[Assigned task] Exactly retype the opening line of the entries and every line after it, ending with the line that contains "Учёный вырастил в". Skip all pictures.

[Provided records]
------------------------------------------------

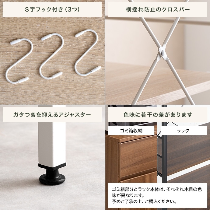 ゴミ箱に見えないデザインと使いやすさが魅力のゴミ箱付きキッチンラック。
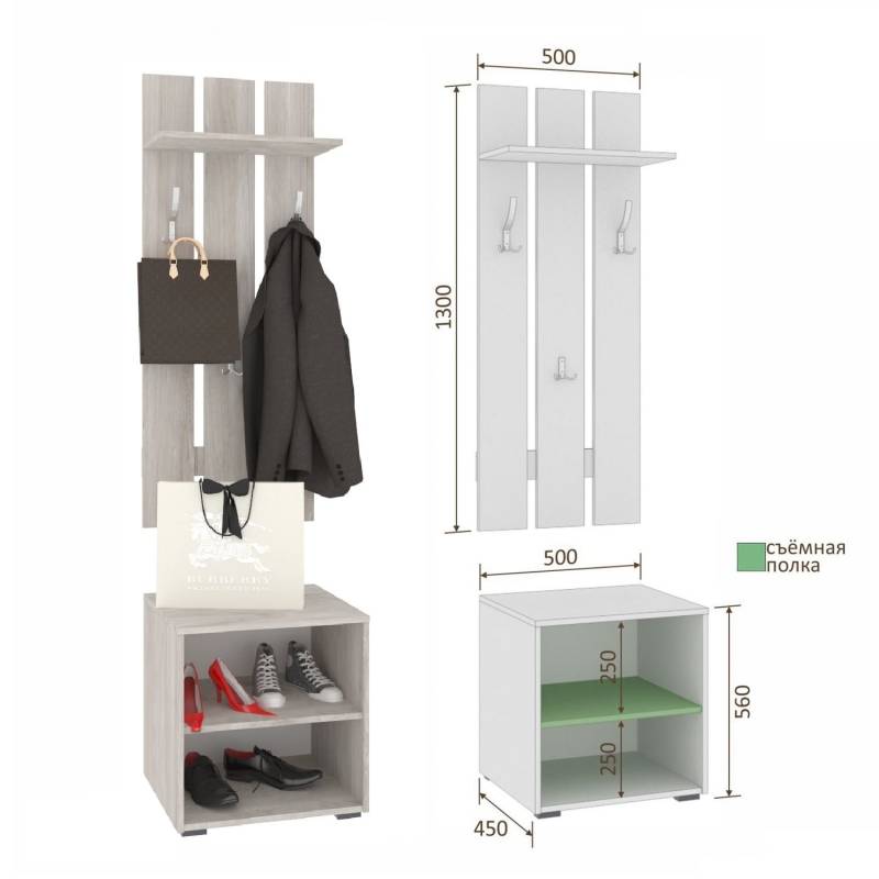 - Секция в прихожую ЛАРА СП2, размеры Ш-500, В-2200, Г-450 мм.
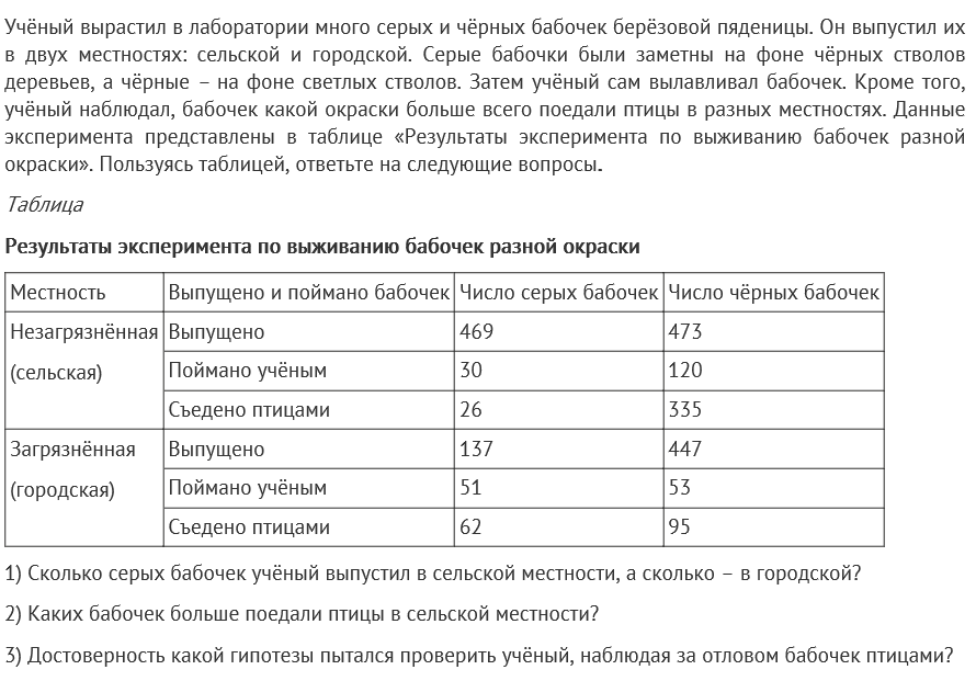 Учёный вырастил в лаборатории много серых и чёрных бабочек берёзовой пяденицы. Он выпустил их в двух местностях: сельской и городской. Серые бабочки были заметны на фоне чёрных стволов деревьев, а чёрные – на фоне светлых стволов. Затем учёный сам вылавливал бабочек. Кроме того, учёный наблюдал, бабочек какой окраски больше всего поедали птицы в разных местностях. Данные эксперимента представлены в таблице «Результаты эксперимента по выживанию бабочек разной окраски». Пользуясь таблицей, ответьте на следующие вопросы.
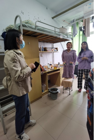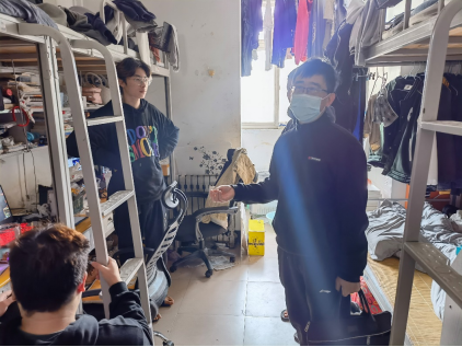 近期国内疫情态势不断蔓延,郑州市疫情防控陡然严峻,我院领导在疫情紧张封闭的状态下对防控指令和信息排查要求迅速响应,积极作为,主动走进学生宿舍,慰问学生生活,并指导学生有序进行卫生防疫工作,保证日常生活和学习的顺利进行。孙建华为同学们普及疫情防控知识,加强防疫意识,希望同学们能积极主动的进行心理调适,树立乐观心态,并提醒大家入冬要及时增添衣物,做好保暖工作,作息规律,注意身体健康。周琰与学生亲切交谈,询问同学们在生活上是否需要帮助,安抚同学们在严峻疫情期间的紧张情绪,并叮嘱大家一定要做好个人防护,注意通风,落实晨午检制度,自觉测温上报,每天坚持健康打卡,如有发热情况及时报告,学院定会第一时间处理并给予同学们及时帮助。祁蒙叮嘱同学们要养成良好卫生习惯,戴口罩、勤洗手、常通风、保持社交安全距离,同时强调在疫情防控面前,我们每个人都是一道防线,希望大家继续保持高度警惕,从思想上绷紧疫情防控这根弦,做到思想不麻痹、防控不松懈、口罩不摘除,共同筑牢疫情防控墙。
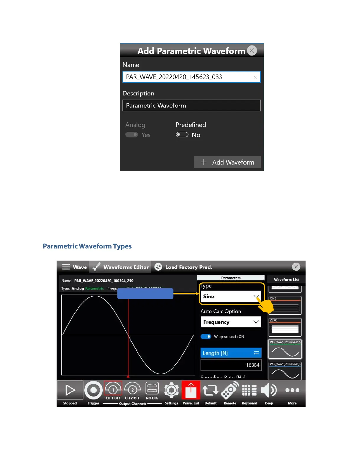 BNC 670C - Parametric Waveform Types
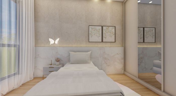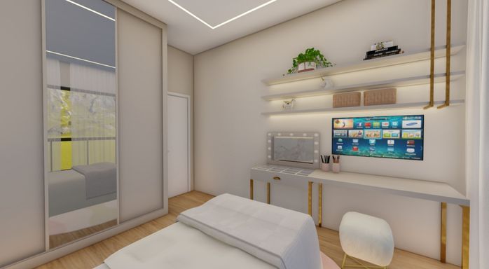 • 2 quartos, sendo 1 suíte
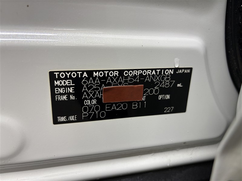 コーションプレートです。フレームナンバーやカラーコードなどが記載されています。

------------------------------------------------

[Exercise output]
 ゴミ箱に見えないデザインと使いやすさが魅力のゴミ箱付きキッチンラック。
 - Секция в прихожую ЛАРА СП2, размеры Ш-500, В-2200, Г-450 мм.
 Учёный вырастил в лаборатории много серых и чёрных бабочек берёзовой пяденицы. Он выпустил их в двух местностях: сельской и городской. Серые бабочки были заметны на фоне чёрных стволов деревьев, а чёрные – на фоне светлых стволов. Затем учёный сам вылавливал бабочек. Кроме того, учёный наблюдал, бабочек какой окраски больше всего поедали птицы в разных местностях. Данные эксперимента представлены в таблице «Результаты эксперимента по выживанию бабочек разной окраски». Пользуясь таблицей, ответьте на следующие вопросы.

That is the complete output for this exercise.